(Task statement): Beginning with the line that has "State Representative Clinton" and ending with the line that has "LOEWE-B553A 로에베 블랙 아나그램 자카드 밀리터리 XS 메신저백", retype the entries below exactly, except for the pictures.

(Dataset records):
Segment Open
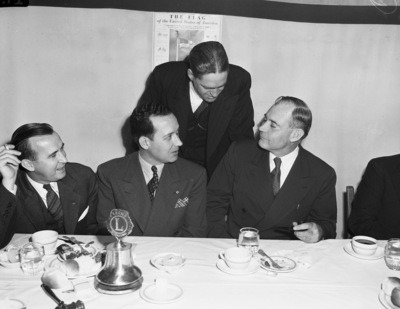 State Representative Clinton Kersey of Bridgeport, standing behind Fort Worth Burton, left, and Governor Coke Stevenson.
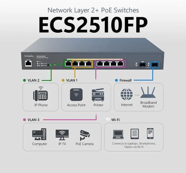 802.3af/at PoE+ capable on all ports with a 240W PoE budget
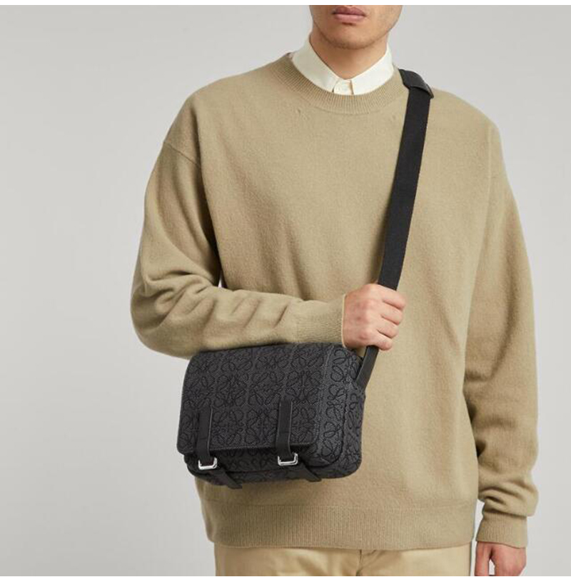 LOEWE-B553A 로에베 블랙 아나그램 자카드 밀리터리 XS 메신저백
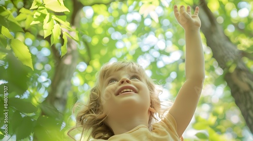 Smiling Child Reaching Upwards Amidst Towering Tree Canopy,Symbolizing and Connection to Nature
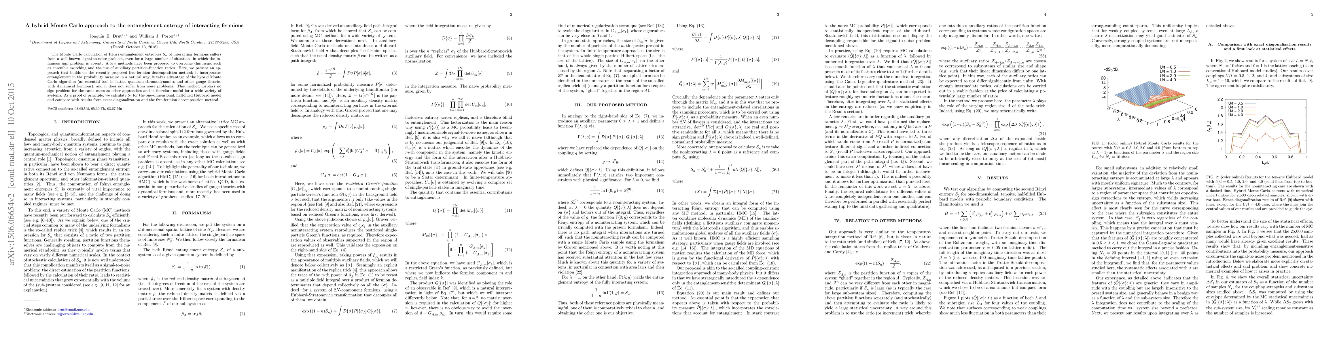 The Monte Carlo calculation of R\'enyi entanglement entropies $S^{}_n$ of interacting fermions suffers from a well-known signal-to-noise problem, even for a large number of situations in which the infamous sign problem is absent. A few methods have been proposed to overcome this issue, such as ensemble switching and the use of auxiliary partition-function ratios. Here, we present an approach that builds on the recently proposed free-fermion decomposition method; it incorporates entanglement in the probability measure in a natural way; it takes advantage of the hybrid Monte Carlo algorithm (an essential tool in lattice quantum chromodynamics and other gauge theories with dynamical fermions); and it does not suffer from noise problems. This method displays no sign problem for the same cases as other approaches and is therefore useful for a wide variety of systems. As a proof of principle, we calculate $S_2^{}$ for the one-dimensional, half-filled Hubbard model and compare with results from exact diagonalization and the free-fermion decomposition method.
Segment Closed
Segment Open
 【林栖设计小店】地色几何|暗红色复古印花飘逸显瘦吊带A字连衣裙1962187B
Segment Closed
Segment Open
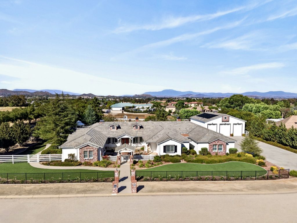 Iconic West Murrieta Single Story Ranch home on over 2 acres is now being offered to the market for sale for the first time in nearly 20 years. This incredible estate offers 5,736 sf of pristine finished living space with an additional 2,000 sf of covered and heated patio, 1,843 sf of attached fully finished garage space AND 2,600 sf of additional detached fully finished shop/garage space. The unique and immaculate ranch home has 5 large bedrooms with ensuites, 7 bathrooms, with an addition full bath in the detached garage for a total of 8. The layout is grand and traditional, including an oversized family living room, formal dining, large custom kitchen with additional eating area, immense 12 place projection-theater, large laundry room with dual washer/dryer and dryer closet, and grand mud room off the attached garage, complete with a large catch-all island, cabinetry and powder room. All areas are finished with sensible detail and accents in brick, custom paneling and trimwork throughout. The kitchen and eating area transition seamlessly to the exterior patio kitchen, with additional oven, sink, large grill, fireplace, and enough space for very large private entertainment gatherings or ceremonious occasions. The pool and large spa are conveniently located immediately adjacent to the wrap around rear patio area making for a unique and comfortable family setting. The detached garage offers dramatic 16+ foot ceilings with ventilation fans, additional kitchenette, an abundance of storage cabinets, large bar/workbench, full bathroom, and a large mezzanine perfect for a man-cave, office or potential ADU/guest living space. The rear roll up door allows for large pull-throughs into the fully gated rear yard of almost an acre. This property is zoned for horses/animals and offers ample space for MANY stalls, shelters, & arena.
Segment Closed
(Answer section):
 State Representative Clinton Kersey of Bridgeport, standing behind Fort Worth Burton, left, and Governor Coke Stevenson.
 802.3af/at PoE+ capable on all ports with a 240W PoE budget
 LOEWE-B553A 로에베 블랙 아나그램 자카드 밀리터리 XS 메신저백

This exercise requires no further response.